昔、天声人語で、随筆についてこんな文章を引用していた。「欧米におけるエッセイと、日本の随筆は少し異なるようだ。日本の随筆は、話題の中心から離れたところで始まり、なかなか中心に触れずに、その回りを遠巻きに回るように進む」。うろ覚えで、細部はしっかりしない。

僕はこの考え方の骨格を、とても興味深い、と思った。それで、頭のなかに残ったイメージは、「核」のようなものが真ん中にあって、その回りを螺旋のようにぐるぐる巻きの線が回っているというもの。

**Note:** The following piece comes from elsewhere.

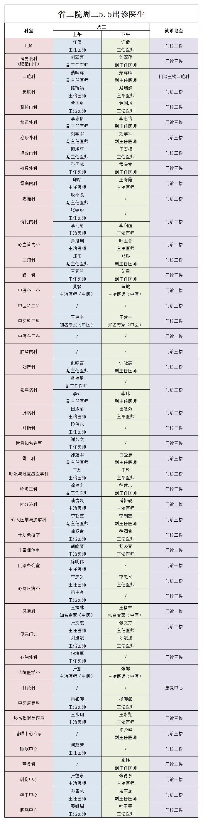 西北民族大学附属医院、甘肃省第二人民医院5月5日(星期二)门诊出诊信息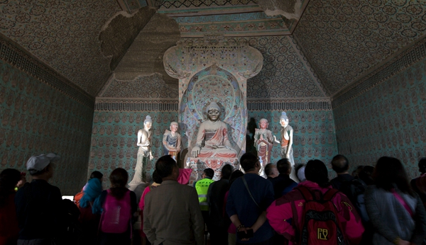 Tourists visit one of the Mogao Caves' 492 Buddhist grottoes in Dunhuang, Gansu province.[Sun Zhijun/For China Daily] |

日本の随筆は、おそらく、なかなか核心に触れないのだろう。通り過ぎてゆく、行きつ戻りつ、ぱっと話題が飛ぶ。飛躍したように思えるが、奇妙な近道を通って、戻ってくる。それも、気づくと、ぐっと近づいている、言いたいことはそこなのか、と思う。ついに結論部に至るぞ、と思いきや、ふっとはぐらかされて終わる。それで、終わり。空白のような余韻。

僕は、そんな「随筆」をとても好ましいものに思う。奥ゆかしい、という言葉がぴったりくる。それでいて、そのゆき方は、しばしば、ものごとを捉えるためにもっともふさわしい方法ではないか、とも考える。